Data to process =

-- Opening Marker --

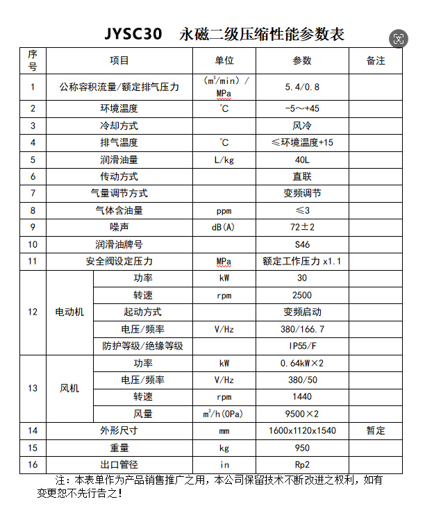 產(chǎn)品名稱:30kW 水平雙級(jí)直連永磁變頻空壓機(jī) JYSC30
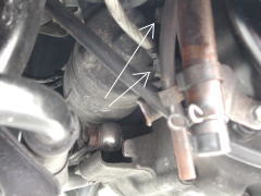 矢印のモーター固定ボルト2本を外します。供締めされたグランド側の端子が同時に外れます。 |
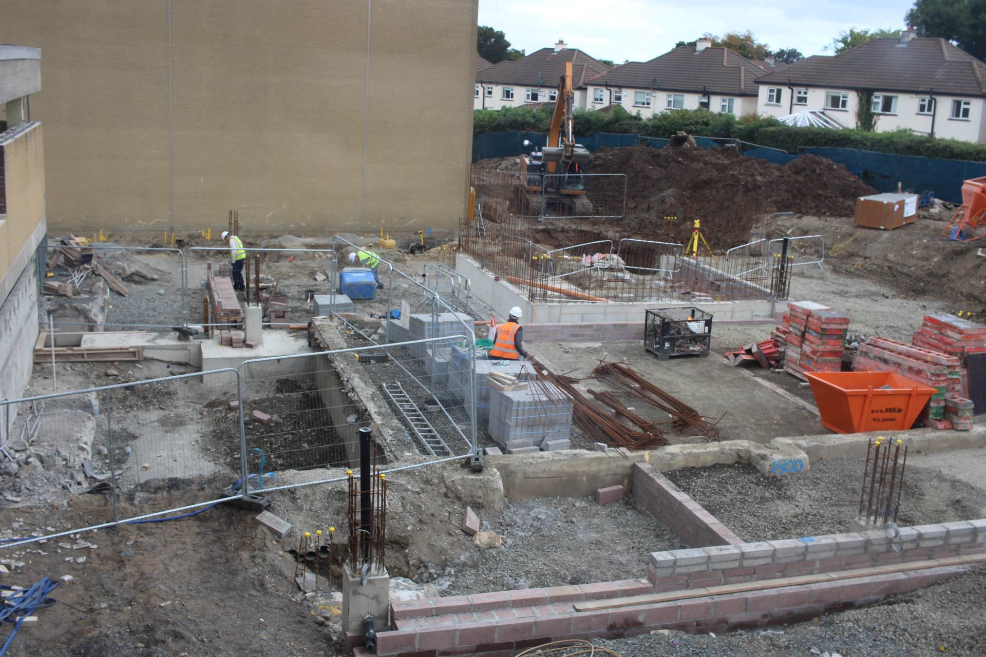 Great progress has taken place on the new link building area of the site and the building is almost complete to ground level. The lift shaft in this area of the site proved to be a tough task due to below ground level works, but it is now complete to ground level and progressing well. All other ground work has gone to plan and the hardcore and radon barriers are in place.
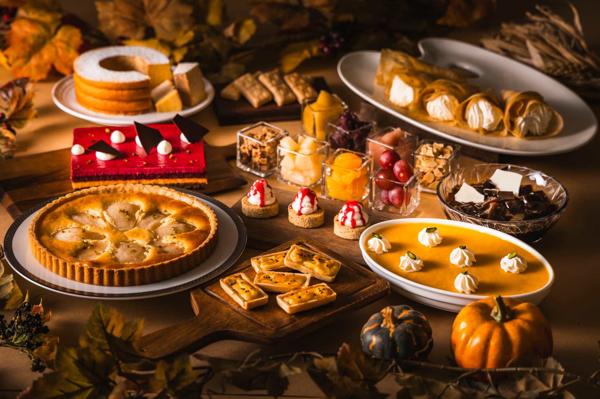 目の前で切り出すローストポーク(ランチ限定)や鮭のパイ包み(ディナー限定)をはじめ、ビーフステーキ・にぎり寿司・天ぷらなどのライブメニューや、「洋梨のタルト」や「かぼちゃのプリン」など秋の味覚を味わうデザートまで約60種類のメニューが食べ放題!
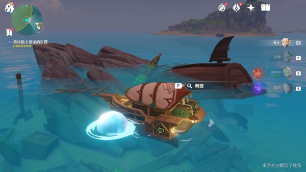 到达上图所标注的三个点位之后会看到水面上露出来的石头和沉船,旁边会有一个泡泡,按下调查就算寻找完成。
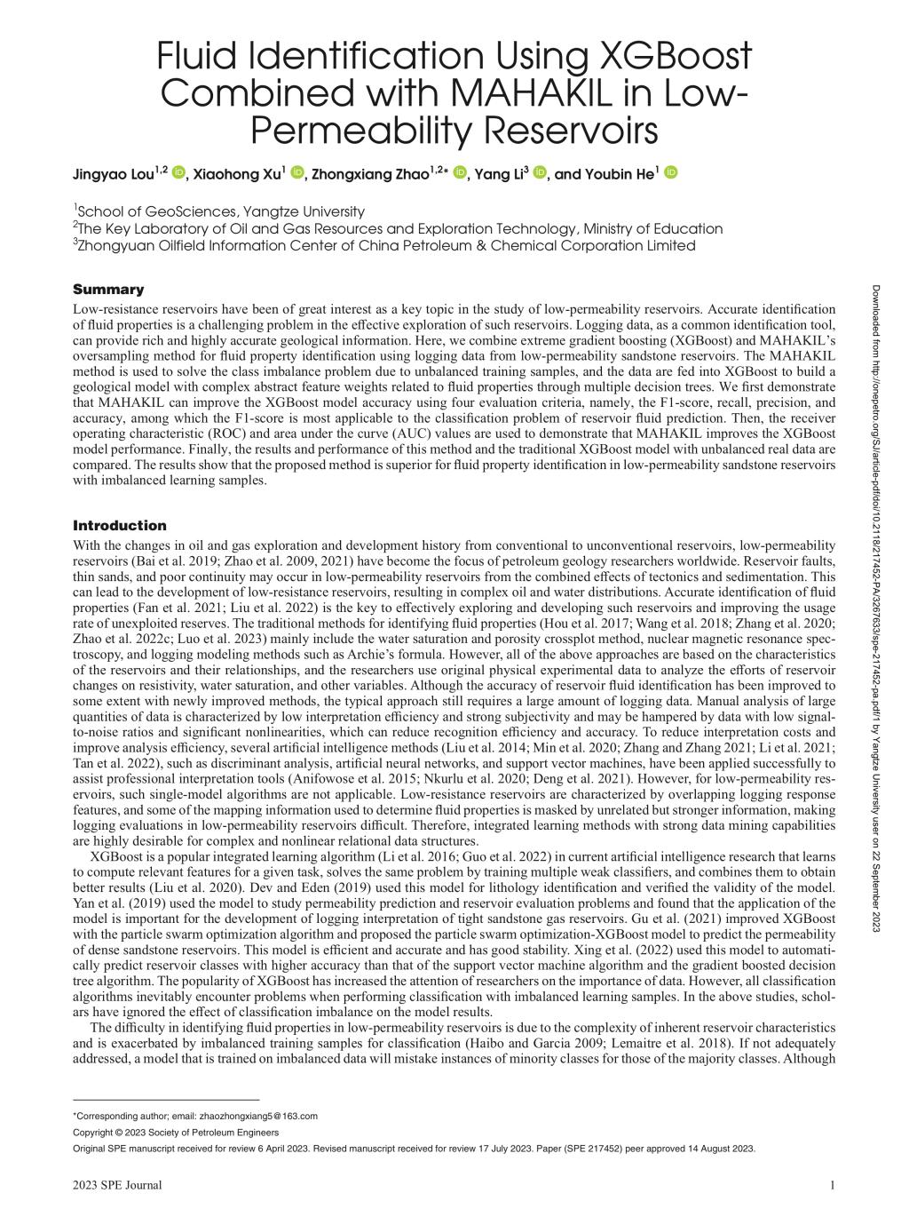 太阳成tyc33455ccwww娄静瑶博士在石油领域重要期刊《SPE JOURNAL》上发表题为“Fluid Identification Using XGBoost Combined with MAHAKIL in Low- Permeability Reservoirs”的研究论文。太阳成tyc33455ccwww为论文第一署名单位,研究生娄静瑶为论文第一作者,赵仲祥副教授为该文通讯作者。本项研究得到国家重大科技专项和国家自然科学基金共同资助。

-- Closing Marker --

Instructions for the task = Print each record as it appears above, dropping every picture from the copy.

Answer box =
 產(chǎn)品名稱:30kW 水平雙級(jí)直連永磁變頻空壓機(jī) JYSC30
 矢印のモーター固定ボルト2本を外します。供締めされたグランド側の端子が同時に外れます。 |
 Great progress has taken place on the new link building area of the site and the building is almost complete to ground level. The lift shaft in this area of the site proved to be a tough task due to below ground level works, but it is now complete to ground level and progressing well. All other ground work has gone to plan and the hardcore and radon barriers are in place.
 目の前で切り出すローストポーク(ランチ限定)や鮭のパイ包み(ディナー限定)をはじめ、ビーフステーキ・にぎり寿司・天ぷらなどのライブメニューや、「洋梨のタルト」や「かぼちゃのプリン」など秋の味覚を味わうデザートまで約60種類のメニューが食べ放題!
 到达上图所标注的三个点位之后会看到水面上露出来的石头和沉船,旁边会有一个泡泡,按下调查就算寻找完成。
 太阳成tyc33455ccwww娄静瑶博士在石油领域重要期刊《SPE JOURNAL》上发表题为“Fluid Identification Using XGBoost Combined with MAHAKIL in Low- Permeability Reservoirs”的研究论文。太阳成tyc33455ccwww为论文第一署名单位,研究生娄静瑶为论文第一作者,赵仲祥副教授为该文通讯作者。本项研究得到国家重大科技专项和国家自然科学基金共同资助。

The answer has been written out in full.